Поди угадай, кто лучше и кто хуже! Байрон умер от инфекции, сражаясь за чужую свободу, Шелли утонул в лодке во время праздной прогулки по озеру. Какая смерть почетней и предпочтительней? Конечно, моралист ответит не задумываясь, но будет ли это ответом на вопрос или одним отражением его собственного мировидения? А вдруг Шелли, катаясь, сочинял вольнолюбивые стихи? Или замышлял глубокие реформы? И сам моралист отвечает так, а не этак не именно ли потому, что знает, каких истин от него ждут?
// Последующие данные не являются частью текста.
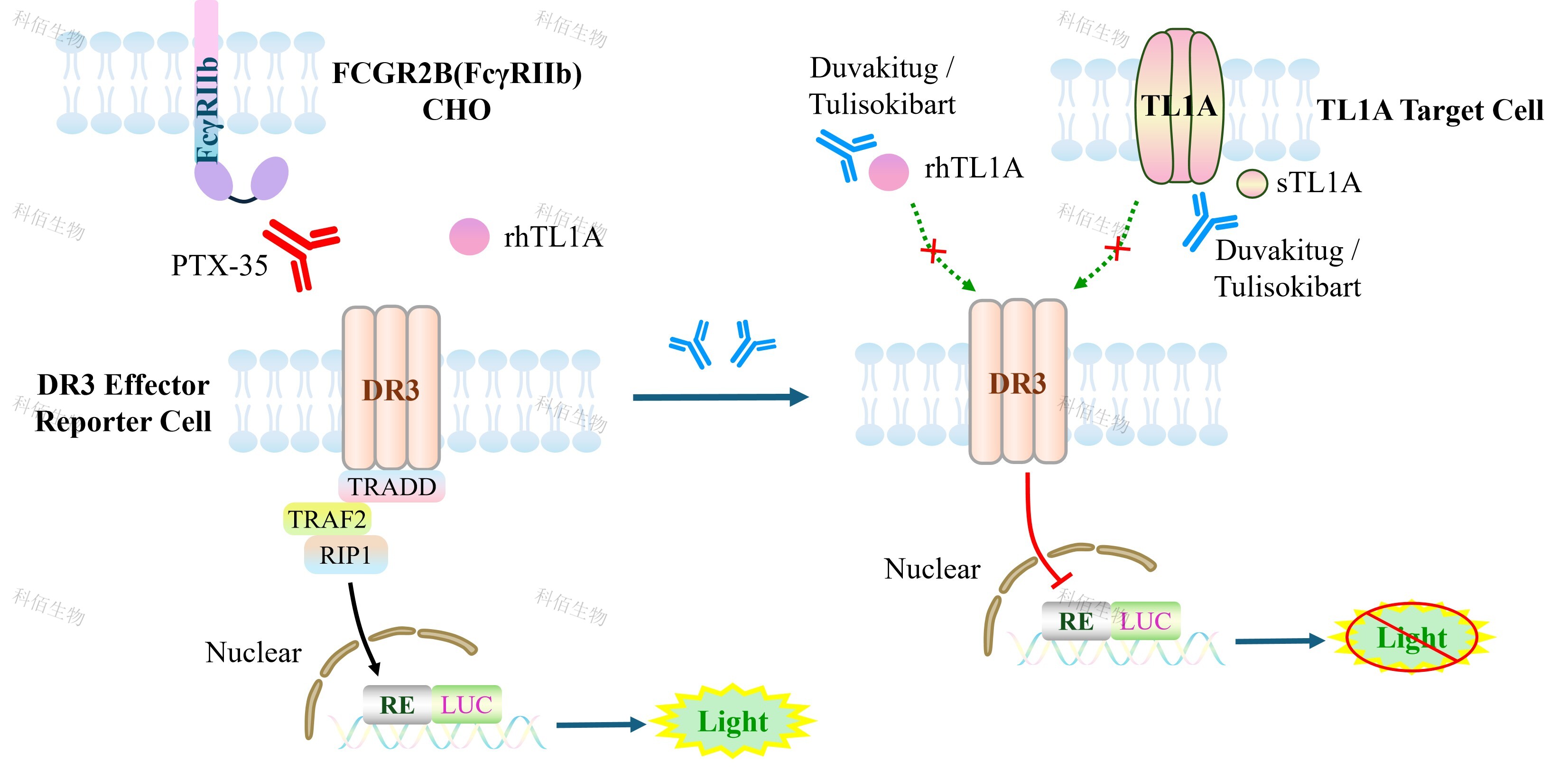 DR3 Effector Reporter 報(bào)告基因藥靶模型很好的模擬了體內(nèi) DR3 的信號(hào)轉(zhuǎn)導(dǎo)過程,原理見下圖所示。![]() |

Словно уверен, что изрекать выспренные, банальные и ни к чему не обязывающие фразы – изначальная, чуть не рождением данная функция. Как они мудры и тонко объективны при оценке чужих поступков и как пристрастны и однобоки при разборе своих собственных! Велика ли здесь цена морали? Не вкладывает ли это камешек в руки ницшеанцев, эгоцентриков, циников? И не потому ли большинство принципов – бабочки-однодневки, живущие сладким нектаром моды, которые канут в Лету при первом пригублении грубой земной пищи? Что мы о них помним? То, что вчера исповедывали их. Так и по смерти человека, как после гибели корабля – водяной столб, остается память. Чем больше корабль, тем выше столб. Но память человеческая… Всегда ли ее величина равнозначна положительности деяний? Вор и убийца порою оставляют в наших душах следы куда более глубокие, нежели врачи, что залечивают нанесенные ими раны, нежели судьи, что карают их злодеяния. И мы не кричим: «SOS». Образ ушедшего при всем том волнует нас меньше первообраза. Мы живем минутой. «Как это, – писалось в средневековом манускрипте, – иудеи неразумные не верят в трехдневное воскресение Господа нашего Иисуса Христа? Если он птицу Феникс оживляет, то разве Себя Самого воскресить не может?» В самом деле, глупость какая! Разве трудно себя воскресить? Взял – да и воскресил.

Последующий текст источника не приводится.